Greg Bettjeman had bought a home that needed work and he wanted a challenge—a mountain to climb. He found one in a wood floor project. He had built an extension on his New Zealand home and was about to glue down planks of native river-reclaimed macrocarpa and Hall's totara when he says he paused. "No, let's do something different," Bettjeman recalls thinking.
"Different" turned out to be unlike anything seen before. He cut the wood with a scroll saw into more than 500 freeform geometric shapes 1 inch thick and no greater than 2 feet in length. Swimming through the shapes is a family of what he refers to as nematodes, whose beady black eyes were made from ebony and spalted tawa. Bettjeman wanted to give the nematodes a place to go, so he inlaid a pond scene complete with the rippled reflections of a tree made from red beech and a moon of evergreen buckthorn.
The next step was to accentuate each piece with a heavy curve routed around the edges.

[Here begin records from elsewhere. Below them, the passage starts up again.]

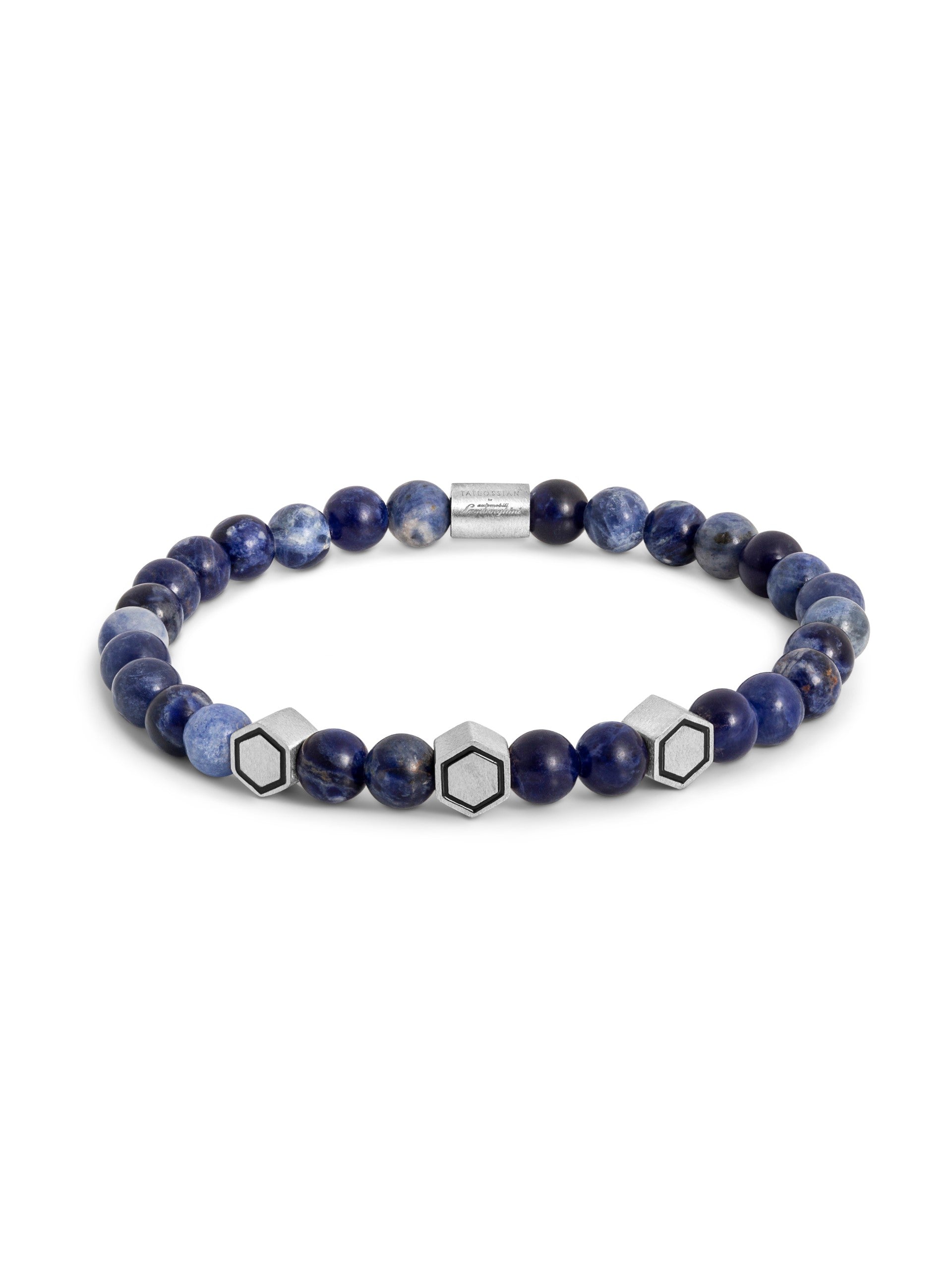 Schlanke Geometrie trifft auf natürliche Energie in diesem Perlenarmband aus 6 mm großen runden Halbedelsteinen. Hexagonale Perlen aus gebürstetem, rhodiniertem Sterlingsilber mit abgerundeten Ecken werden entweder mit poliertem schwarzen Achat oder tiefblauem Sodalith kombiniert. Dieses ausdrucksstarke und doch dezente Armband steht ganz im Zeichen des Spirit von Automobili Lamborghini und überzeugt als stylisches Accessoire mit spannender Haptik. Erhältlich in den Größen Medium (17,5 cm) und Large (19 cm) für eine perfekte Passform.
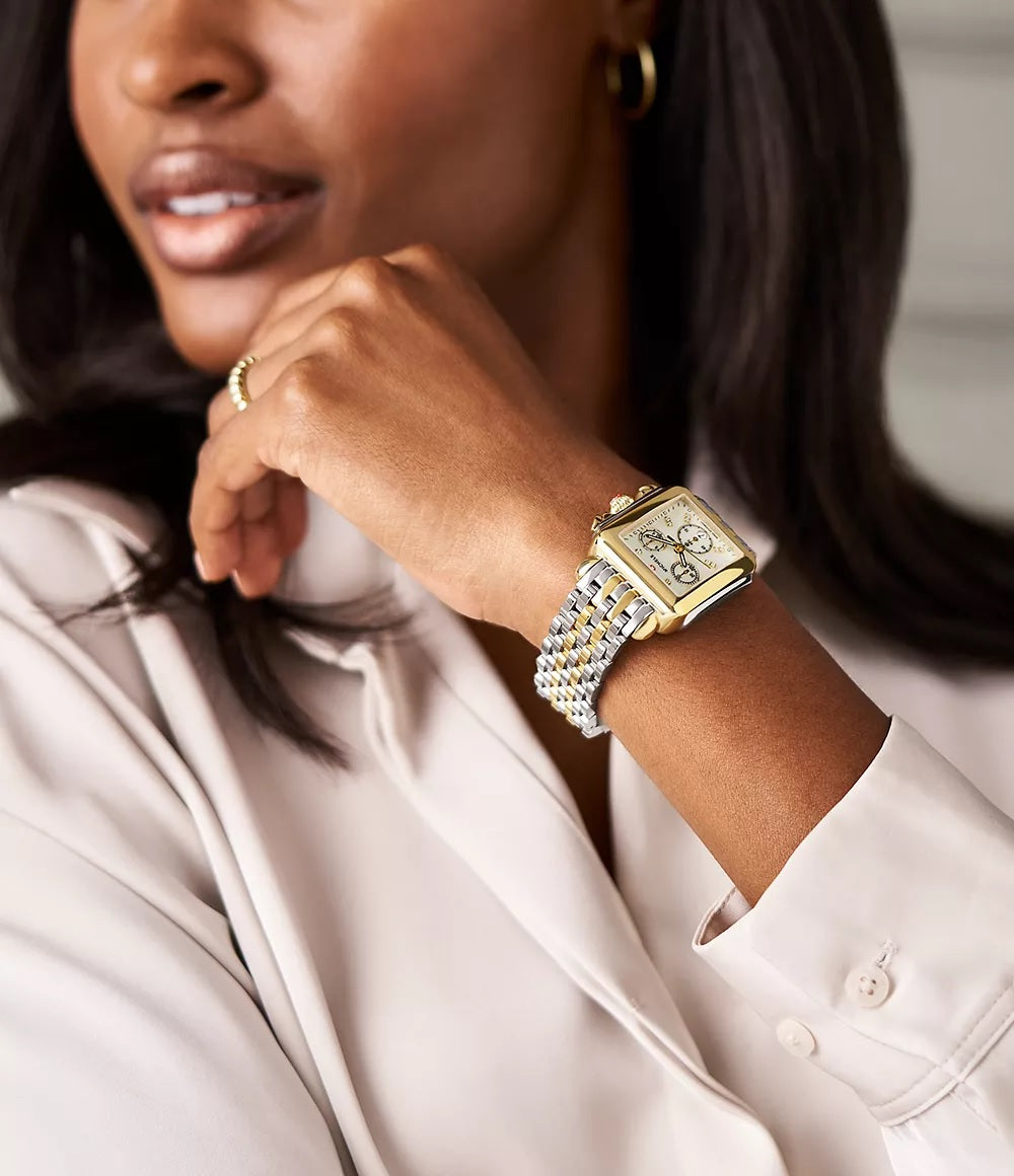 The rectangular case of the Deco two-tone 18K gold diamond dial watch reflects the geometric shapes identified with Art Deco architecture. This iconic Swiss chronograph timepiece features 12 brilliant diamonds atop the mother-of-pearl dial, three subeyes accented with gold foil and engraved MICHELE logos within the case walls. A two-tone 18k gold seven-link bracelet adds the finishing touch and is interchangeable with any 18mm MICHELE strap.
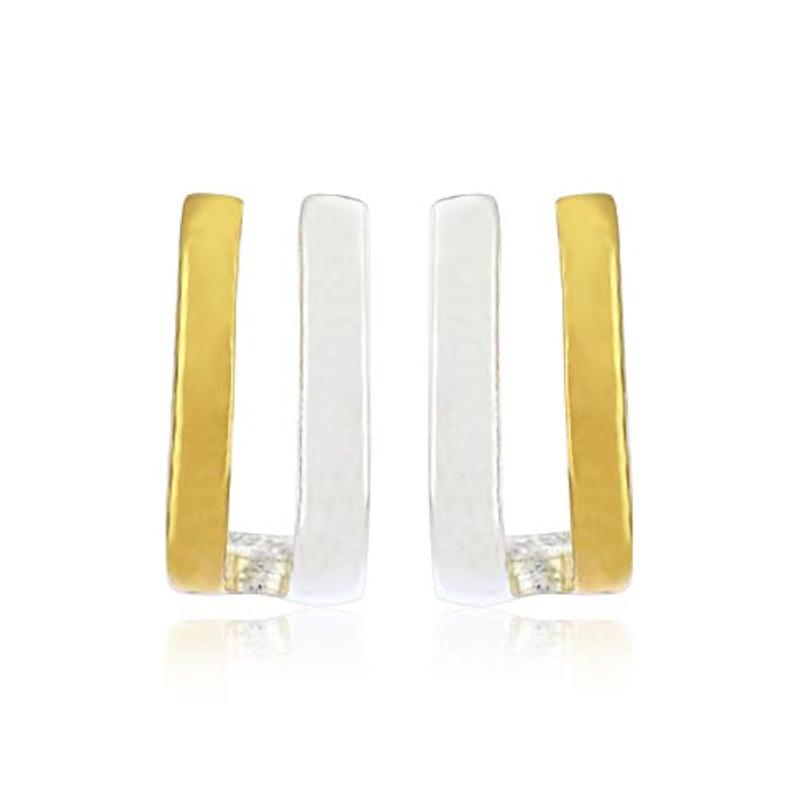 Elegant stud earrings featuring a combination of 24Kt and silver tone plating.
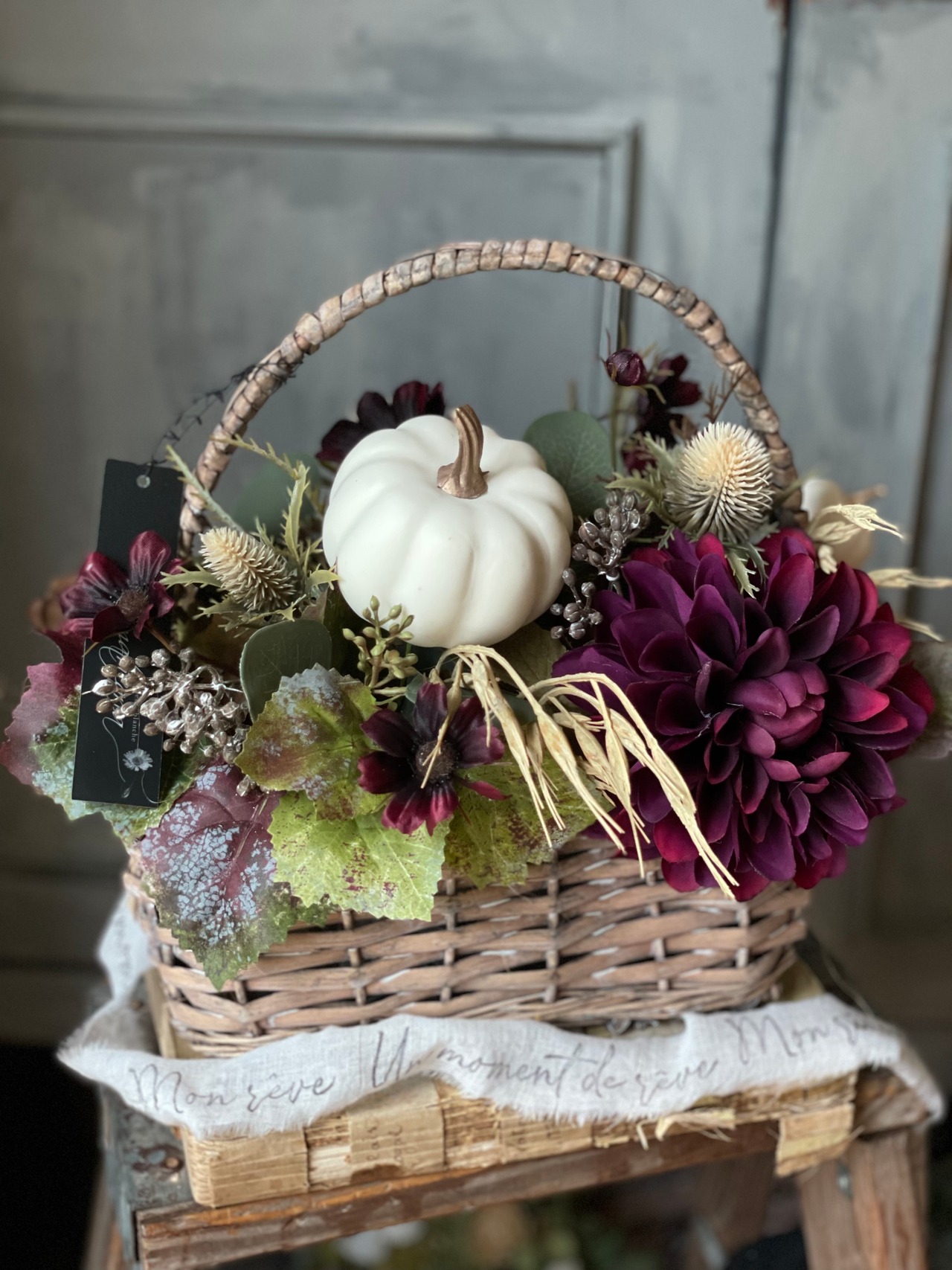 シャビーなパニエに秋の実りをテーマに
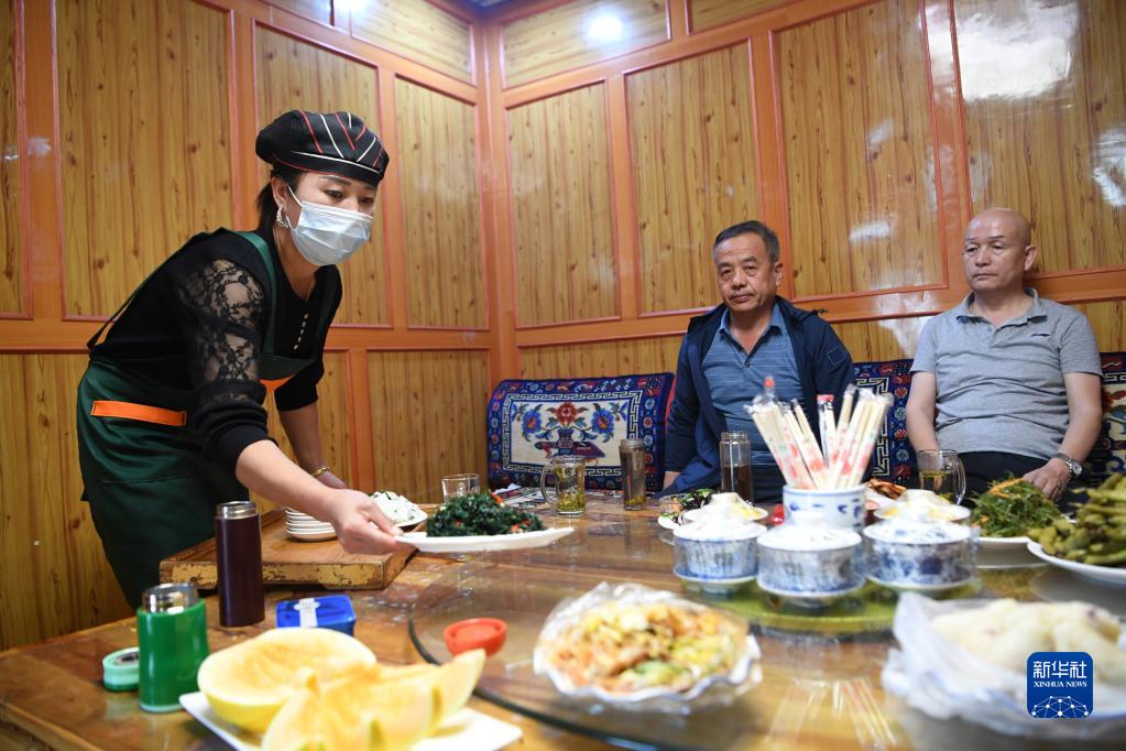 甘肃甘南卓尼县木耳镇力赛村村民李日占草(左)在自家的农家乐里为客人上菜(9月11日摄)。
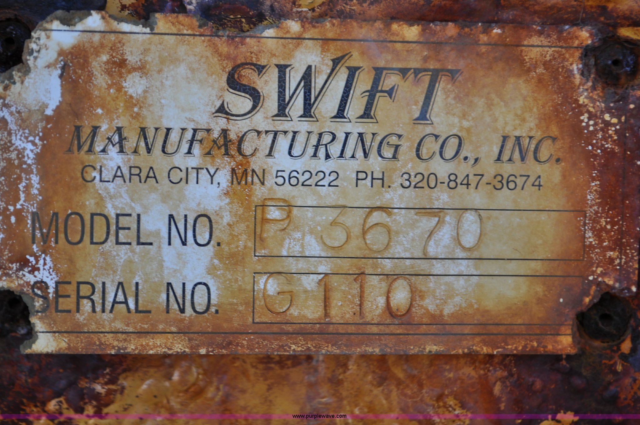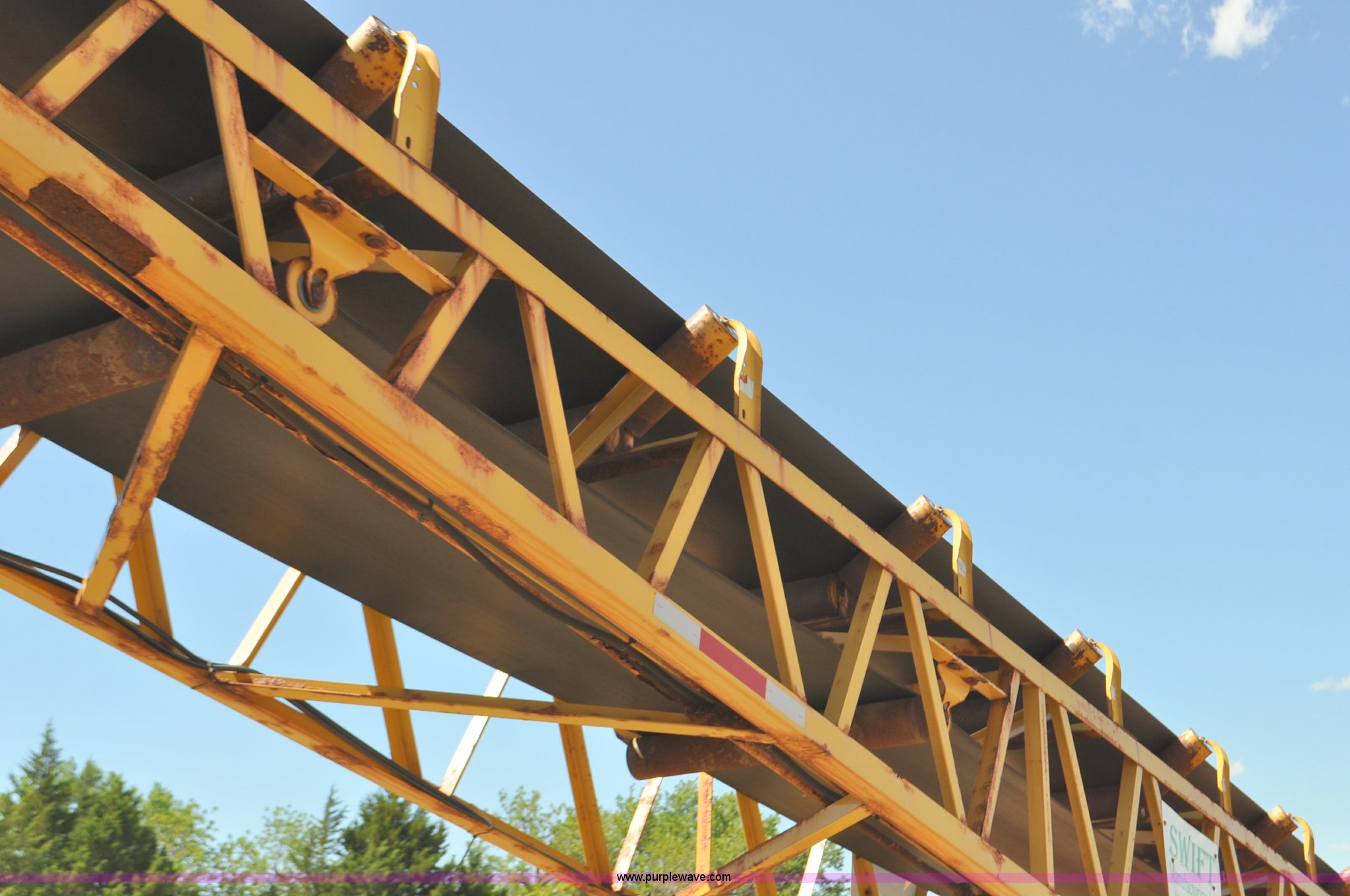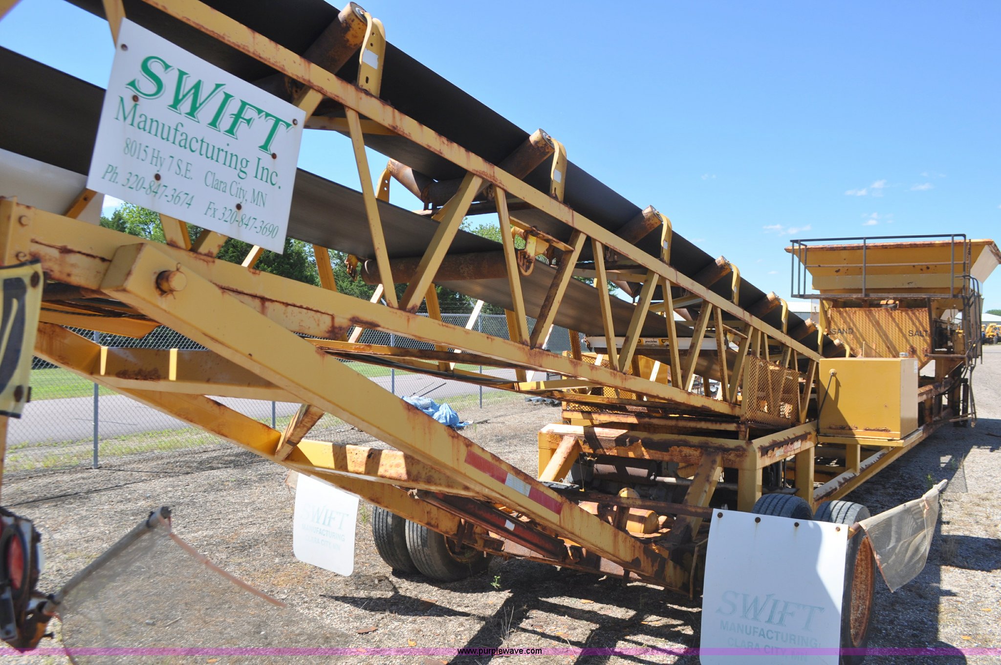 Purple Wave is selling a used Conveyor in South Dakota. This item is a 2006 Swift sand/salt mixing conveyor with the following: 933 hours on meter, Model PBF3670TB, Deutz four cylinder diesel engine, Divided hopper, 13' x 10.5' hopper opening, 4' depth, Dual 11' x 24" conveyors, 72' x 36" main conveyor, Hydraulic raise/lower, Remote control, Unknown operating condition, Pintle hitch, 255/70R22.5 tires, Salt damage, Conveyor and landing legs hydraulic valves frozen, Some roller are not turning during operation, Electric and air components corroded, Serial G110

To avoid burning the end grain with his router, Bettjeman made a contraption that shot two jets of water at the spinning router bit.
Finally, all the pieces were glued down and his partner ("She has the patience of a saint," Bettjeman says) went to work sanding each piece with a random orbital sander, moving from 150 grit to 400 grit. Then she finished the floor with tung oil.
A little more than a year after the project began, it was completed. "The mountain was climbed," Bettjeman says. "I looked at it and saw that it was good."